Here’s the general process we used:
- To start with, we needed a list of towns and cities. We ended up getting our list from Wikipedia. A quick screen-scrape later, we had an array of city names.
- Next, we needed something to search Google with. We did a few rounds of testing with our list of cities, and got the best results with “station”, “restaurant”, “post office”, and – this being the UK – “Tesco”.
- We then wrote a simple service object that would randomly generate a list of journeys (using FactoryGirl) and associate them with a geocoded origin and destination, sourced from our list of city names.
The service object
Here’s a cut-down version of the service we wrote:
class GeoSeeder
CITIES = %w[London Edinburgh Cardiff ...]
PLACES = %w[station restaurant post\ office tesco]
def initialize(options = {})
@num_of_users = options.fetch(:users).to_i
@num_of_journeys = options.fetch(:journeys).to_i
end
def run
generate_users!
generate_journeys!
end
private
def generate_users!
@users ||= FactoryGirl.create_list(:user, @num_of_users)
end
def generate_journeys!
cities_collection.each do |(origin, destination)|
origin_search = "#{random_place} near #{origin}"
destination_search = "#{random_place} near #{destination}"

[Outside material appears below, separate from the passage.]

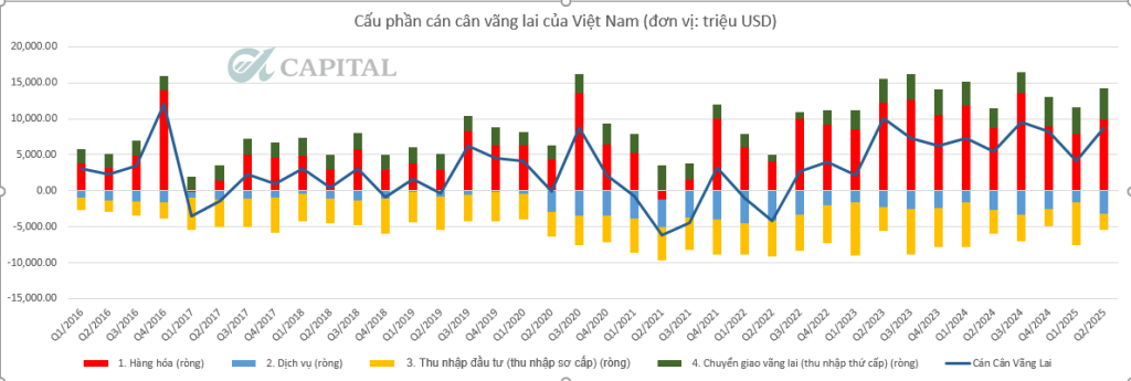 Trên cán cân thanh toán (BoP) chi phối “bài toán bù đắp”: Thâm hụt vãng lai chỉ có thể bù bằng dòng vốn vào ròng đủ lớn (FDI, vốn gián tiếp) hoặc bằng việc sử dụng dự trữ ngoại hối của Ngân hàng Nhà nước.

FactoryGirl.create(:journey, user: random_user, origin: origin_search, destination: destination_search)
sleep(5)
end
end
def random_place
PLACES.sample
end
def cities_collection
CITIES.permutation(2).to_a.sample(@num_of_journeys)
end
def random_user
@users.sample
end
end
To ensure that we don’t try to generate a journey with the same origin and destination, we use Array#permutation
to generate a list of all the possible pairs of cities, from which we then grab a subset to use to create journeys (we have to call #to_a
first, since #permutation
returns an Enumerator
).
We also make liberal use of Array#sample
, which returns either a single element or n random elements from an array (so you can think of it being roughly equivalent to [...].shuffle.take(n)
).
Geocoding is handled within the model by the geocoder gem, so we just need to construct the search string that’s passed onto Google’s geocoding API. Since the service is only a one-off task, run in development, we also include a sleep()
call to avoid triggering the API’s rate-limiting.
We then created a rake task that calls the service object:
# lib/tasks/geoseed.rake
task :geoseed => :environment do
GeoSeeder.new(users: ENV["USERS_COUNT"], journeys: ENV["JOURNEYS_COUNT"]).run
end
and call it like so:
$ USERS_COUNT=20 JOURNEYS_COUNT=50 bin/rake geoseed